Evaluasi Sedimentasi dan Presentase Pemisahan Evaluasi ini bertujuan untuk mengamati volume pemisahan sedimentasi dan presentase pemisahan. Presentase pemisahan digunakan untuk mengamati seberapa besar pemisahan antar fase terdispers dengan medium dispers, dengan adanya pemisahan maka kan diketahui volume sedimentasinya. Pengamatan dilakukan dengan cara memasukkan suspensi pada tabung berskala dengan volume awal 20 mL pada metode presipitasi dan 20 mL pada metode dispersi, pengamatan dilakukan pada hari ke- 0, 2, 3, dan 4. Dari hasil percoba yang dilakukan didapatkan data hasil presentase pemisahan pada metode presipitasi pada hari ke- 0, 2, 3 dan 4 adalah 0 %, 41 %, 44 %, 46,55 % dan volume sedimentasinya secara berurutan apada hari ke- 0, 2, 3, dan 4 adalah 20 mL, 11,8 mL, 11,2 mL, 10,67mL. Sedangkan pada metode dispersi presentase pemisahannya berturut-turut adalah 0 %, 42 %, 44,35 %, 48 %. Untuk volume sedimentasinya 20 mL, 11,6 mL, 11,13 mL, dan 10,4 mL. Berdasarkan data yang diperoleh dapat diketahui bahwa suspensi yang dibuat dengan cara presipitasi memiliki presentase pemisahan yang cenderung lebih kecil dibandingkan dengan cara dispersi, dan volume sedimentasi pada cara pembuatan secara presipitasi yang cenderung lebih kecil bila dibandingkan dengan cara pembuatan secara dispersi. Hal ini dapat disimpulkan bahwa pembuatan dengan metode presipitasi lebih stabil bila dibandingkan dengan metode dispersi, hal ini sesuai dengan teori yang mengatakan bahwa suspensi yang dibuat dengan metode presipitasi cenderung stabil, hal ini dikarenakan pada pembuatan suspensi dengan cara presipitasi ada proses rekristalisasi sehingga terjadi proses pengecilan partikel solid, dengan adanya proses rekristalisasi ukuran partikel cenderung homogen sehingga proses pengendapan berlangsugn lama sehingga volume sedimentasinya besar.
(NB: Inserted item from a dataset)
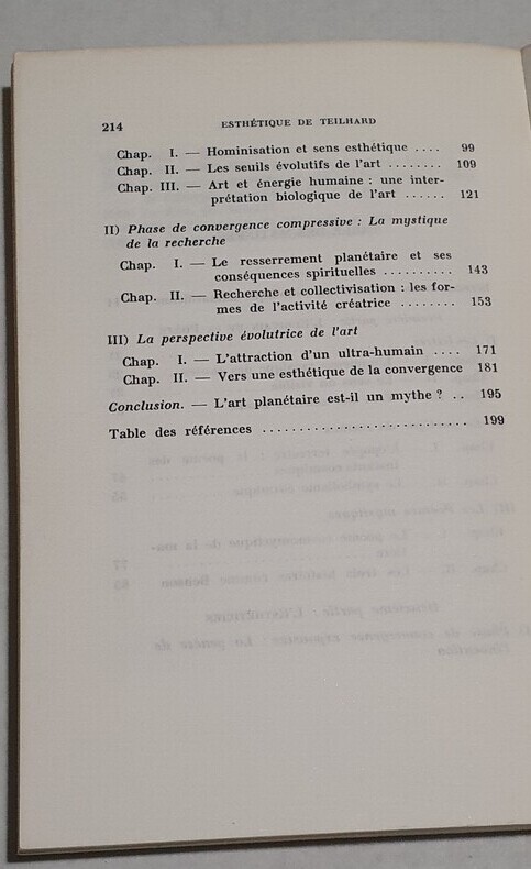 Editions Universitaires - Bibliothèque de Teilhard 1963. Broché 214 pages. 2 plis sur le dos, sans incidence : reliure cousue. Bon état

Sedangkan pada pembuatan suspensi dengan cara dispersi pengendapan cenderung berjalan dengan cepat dan volume sedimentasi yang kecil, hal ini mungkin disebabkan partikel solid yang belum terbasahi sempurna oleh wetting agen yaitu sulfadiazin yang tidak dilarutkan terlebih dahulu ke larutan NaOH. Pada grafik digambarkan persen pemisahan pada pembuatan suspensi dengan cara presipitasi cenderung lebih kecil bila dibandingkan dengan metode pembuatan susupensi dengan cara dispersi, namun perbedaan tidak terlalu besar pada pengamatan pada hari ke- 0, 2, 3 , maupun 4.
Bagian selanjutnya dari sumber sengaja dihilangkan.